The FINANCIAL — Gap Inc. (NYSE: GPS) on December 13 reported that November 2009 net sales were up two percent from last year.
"Net sales for the four-week period ended November 28, 2009 were $1.42 billion compared with net sales of $1.39 billion for the four-week period ended November 29, 2008. The company’s comparable store sales for November 2009 were flat compared with a decrease of 10 percent for November 2008," Gap Inc. reported.
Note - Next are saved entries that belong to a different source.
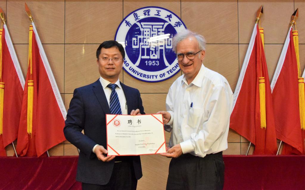 讲座开始前,党委常委、副校长于德湖为菲斯特教授颁发伟德国际1946bv官网客座教授聘任证书。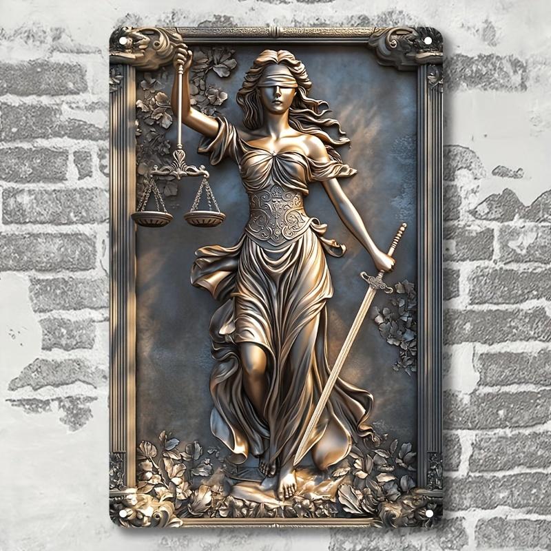 Винтажное алюминиевое настенное украшение: Дизайн Богини Правосудия с Весами Правосудия - Декоративная Металлическая Табличка для Бара, Гостиной — купить товар онлайн с бесплатной доставкой по всему миру!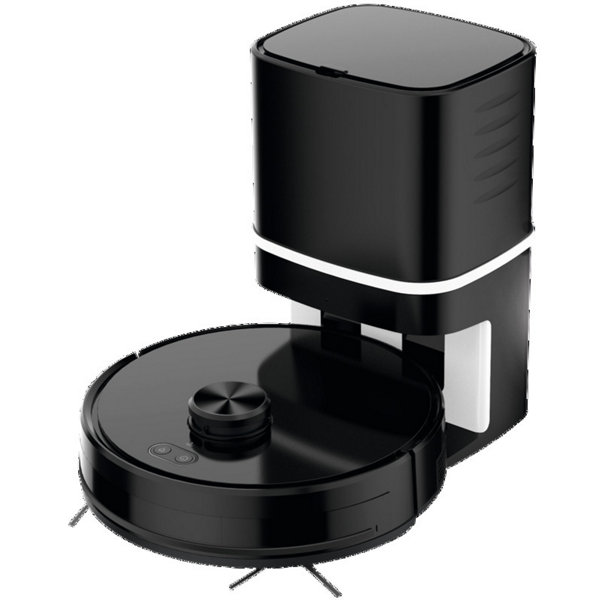 L'aspirateur/Laveur robot noir 36 W dispose d'un bac de récupération automatique sur la base de chargement.

Comparable store sales for November 2009 were as follows:
• Gap North America: negative 4 percent versus negative 11 percent last year
• Banana Republic North America: negative 4 percent versus negative 11 percent last year
• Old Navy North America: positive 6 percent versus negative 9 percent last year
• International: negative 5 percent versus negative 6 percent last year
“We’re pleased that we continued to meet our objective of improving our sales trend and we did it with merchandise margins significantly above last year,” said Sabrina Simmons, chief financial officer of Gap Inc.
Year-to-date net sales were $11.38 billion for the 43 weeks ended November 28, 2009, a decrease of 4 percent compared with net sales of $11.84 billion for the 43 weeks ended November 29, 2008. The company’s year-to-date comparable store sales decreased 5 percent compared with an 11 percent decrease last year.